We arrive at Central Otago’s large lakes. Wanaka is my favourite spot here – I reminisce about childhood holidays in this area, known for its cold winters and hot summers. It’s beautiful in all seasons, though I associate it most with summer. Queenstown and Lake Wakatipu is – usually – tourist central, filled with adrenalin-spiking activities, or if you prefer, beautiful mountain scenery, winter skiing or summer walks, and really, really good wineries. A platter lunch surrounded by vines, coupled with a Central Otago pinot noir, looking up at the dramatic rocky Central Otago cliffs, is an absolute delight, and the reason we go there.

Now we head “home,” up to the east coast of the South Island. We take the Lindis Pass. It’s remote, and barren, but when you get up into the tussock at the top of the Pass it is beautiful, with rolling hills and the play of light and shadow.

View of the tussock-covered hills and valleys of the Lindis Pass

Lindis Pass

From there, it’s all downhill, down through the barren MacKenzie Country, past the three large hydro lakes and power stations on the Waitaki River, where my father used to go fishing (and where I caught my first and last trout), and cousins still holiday as often as possible. We turn inland, crossing the river, and drive through increasingly familiar farmland, where friends from school lived, through a narrow gorge, and arrive at the town where I went to high school.
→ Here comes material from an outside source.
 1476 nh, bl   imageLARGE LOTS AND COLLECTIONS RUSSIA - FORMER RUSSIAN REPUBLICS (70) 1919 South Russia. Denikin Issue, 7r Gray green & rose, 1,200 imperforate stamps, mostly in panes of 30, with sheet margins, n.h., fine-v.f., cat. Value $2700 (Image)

It seems so small now, and I don’t know anyone there anymore, but the streets are still wide, the gardens still lovely, and the huge silos are now covered in murals of local luminaries, including NZ’s first female GP, a local Maori chief, a former NZ Prime Minister who was born in the town, and a local hero and Victoria Cross recipient.

Silos with paintings of a Victoria Cross recipient Eric Batchelor, and Margaret Cruickshank, NZ's first female GP.

Waimate’s painted silos

Once I tear myself away from childhood memories – which always include a detour loop off the main highway down past the farm where I grew up, and these days a stop with my sister about half an hour further north – we’re into the Canterbury plains. They used to be lined with wheat fields when I was a child. These days, dairy beats wheat, fed by irrigation from the several great local rivers. The Southern Alps are now far to the west, but they are almost always visible under the plains big skies.
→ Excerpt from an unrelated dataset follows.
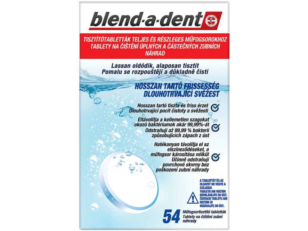 Beschreibung Blend-a-Dent Freshness Reinigungstabletten 54 Stück Blend-A-Dent Long Lasting Freshness Zahnprothesen-Reinigungstabletten entfernen effektiv Flecken und beschädigen die Zahnprothese nicht. Sie entfernen bis zu 99,99 % der geruchsbildenden Bakterien .

Christchurch is often an overnight (or two) stop as we head north. A chance to catch up with friends, check on rebuilding progress after the earthquake, and for the Husband to visit the casino. We met here, many moons ago, at university, so it is a city dear to our heart. Continuing on our final leg of the trip, I’ll take you the coastal route north, through the North Canterbury vineyards (where I get a favourite riesling and chardonnay) and then out to the coast, looking out for seals sunning themselves on the rocks, and a stop in Kaikoura, perhaps for some of the local koura (crayfish/lobster) of its name. Our last trip we saw all the new roads, the evidence of rockfalls, and the sea floor that had been lifted high and dry in the 2016 earthquake.
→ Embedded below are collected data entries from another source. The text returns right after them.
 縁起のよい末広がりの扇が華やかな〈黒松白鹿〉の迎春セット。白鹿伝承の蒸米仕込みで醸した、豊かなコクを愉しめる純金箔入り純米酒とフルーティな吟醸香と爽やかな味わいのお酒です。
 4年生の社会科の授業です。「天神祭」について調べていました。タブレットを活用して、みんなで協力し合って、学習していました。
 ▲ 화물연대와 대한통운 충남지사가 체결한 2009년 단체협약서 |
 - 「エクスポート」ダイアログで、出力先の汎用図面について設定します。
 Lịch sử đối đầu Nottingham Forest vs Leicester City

We arrive in the vineyards of Marlborough. Famous the world over for its sauvignon blanc, it is well set up for relaxed vineyard lunches, wine tasting, or staying out surrounded by the vines. We have come here for destination dinners (celebrating our 20th wedding anniversary), quick lunches before or after catching the ferry, relaxed stops of a day or two or three, or just for a weekend break. The chocolate factory is always worth a visit too, before heading back through the narrow gorge to get to Picton, in the heart of the beautiful and tranquil Marlborough Sounds, filled with canoeists and boaties and tourists in their camper vans (though not at the moment), and the ferries taking us home.